Наверное, она сейчас не может избавиться от цепких рук, подумалось ему со злорадством. Но пора бы и помочь жене. Вдохновлённый собственным благородством, Лёша переступил ржавые ворота, валявшиеся на песке, перепрыгнул лужу, пестревшую радужными разводами, и направился к детсаду. По разрушающимся стенам прыгали нарисованные зайцы, упитанные гигантские пчёлы несли в руках корзинки, обрамляя ощерившиеся зубами-стёклами окна, вились барвинки.
— Оль? — спросил Лёша, стоя на упавшей двери.
В коридоре, виднеющемся слева, что-то упало.
— Оль, это ты?
Нет ответа, только приглушенно стукнуло вдали, звякнуло, словно закрывшаяся створка окна.
Под ногами хрустел песок, нанесённый ветром, изредка шуршали то ли остатки детских поделок, то ли вездесущие обёртки. В коридоре, уставленном шкафчиками и приземистыми лавками, он заметил жену не сразу. Оля сидела между стеной и шкафом с жизнерадостным корабликом на дверце, съёжившись, уронив голову на подтянутые к груди колени.
— Ты чего здесь сидишь? Вставай! — Он потянулся к ней, неудобно склонившись, положил руку на твёрдое плечо, обтянутое мягким свитером.
Она медленно подняла к нему лицо: волосы соскользнули вниз, открыв исцарапанную шею и щёки, запёкшиеся губы, мутные глаза, закрытые непрозрачной плёнкой, в глубине которых угадывался прежний голубой цвет.
— Да что ж с тобой такое? — спросил он, не решаясь признаться в том, что сразу же – ещё там, на улице – почувствовала какая-то древняя часть его. Он догадывался, знал, что вовсе не болезнь и не зависимость превратила Генку в мычащее подобие человека. Лёша гнал прочь мысли, стараясь сосредоточиться на настоящем – на негнущихся Олиных руках, на обмякшем безвольно лице её, – и шептал: — Вставай, вставай, Оля... Сейчас пойдём домой...
— Омой, — повторила она тихо.
— Домой, домой, — обрадовался он.
Непривычно тихая Оля следовала за ним, как ребёнок держась за карман пиджака. Выйдя за ворота, Лёша уткнулся взглядом в "жучок" и поморщился.
— Оля, поедем домой? Или пойдём пешком?
Её руки зашарили по дверце – щёлкнул замок, она села на сиденье, ухватилась за руль. Лёша, помедлив, сел рядом.
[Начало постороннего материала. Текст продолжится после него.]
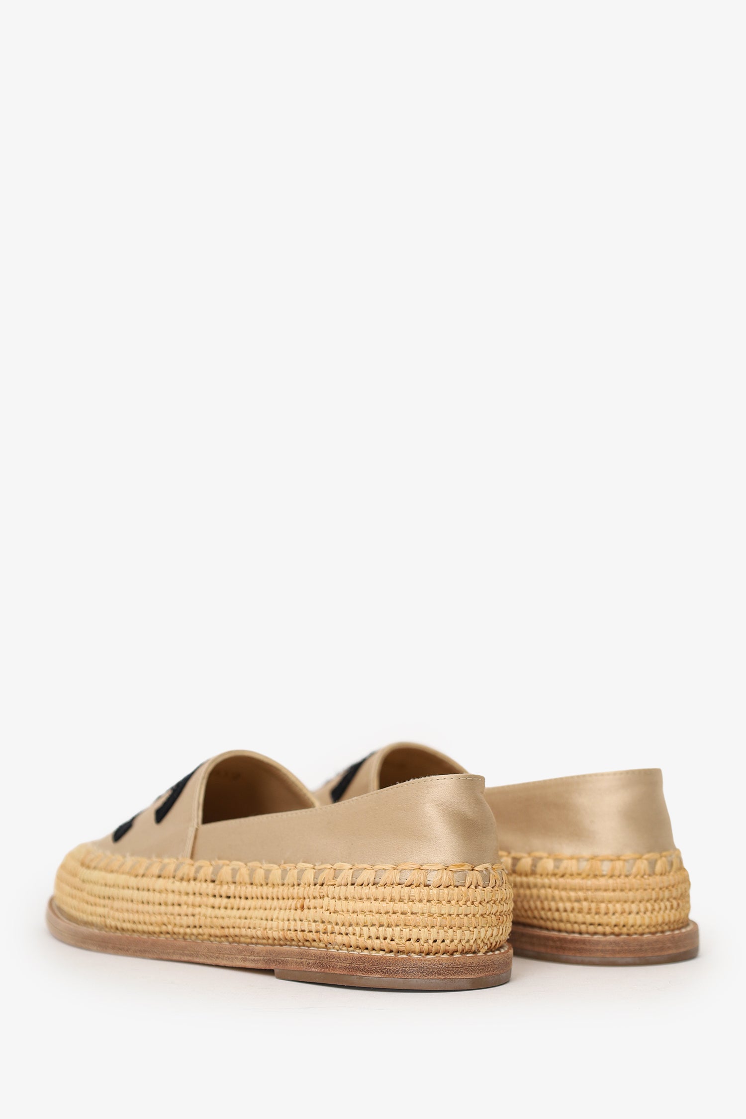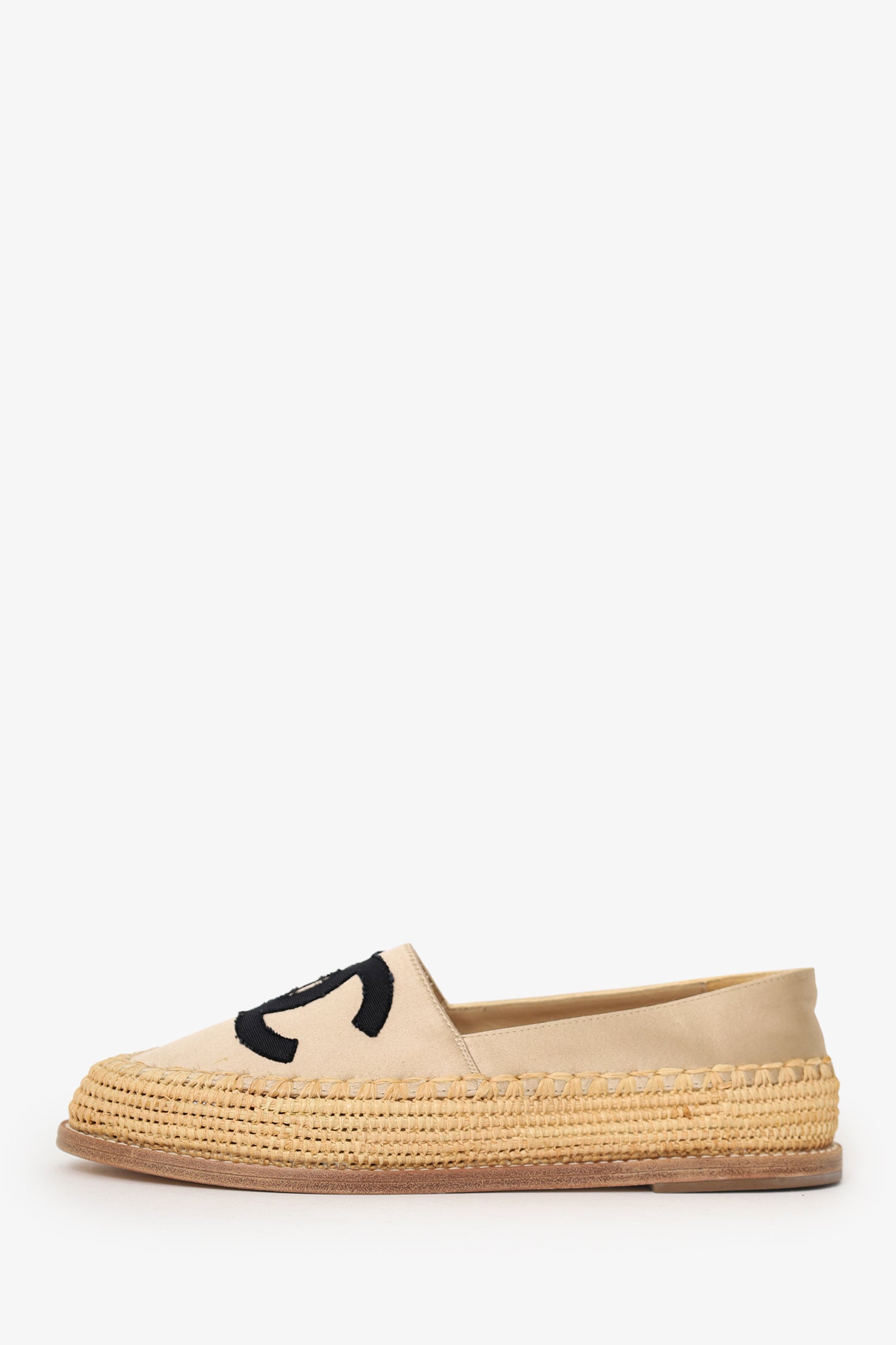 Refresh availabilityPre-Loved Chanel™ Beige/Black Satin/Woven Raffia CC Espadrille Flats. Slip-on. Round toe. Contrast and tonal stitching.

— Омой, — повторила Оля и завела мотор.
Домой они добрались быстро: казалось, что заученные навыки ничуть не пострадали, даже зрение Олю не подводило.
— Голодная? Хочешь есть?
— Есь.
После ужина, приготовленного Олей, – она до сих пор механично жевала кашу, – Лёша смотрел на её безразличное лицо и чувствовал, как внутри ослабевает узел, невесть когда связавший его мысли, чувства и подавленные эмоции.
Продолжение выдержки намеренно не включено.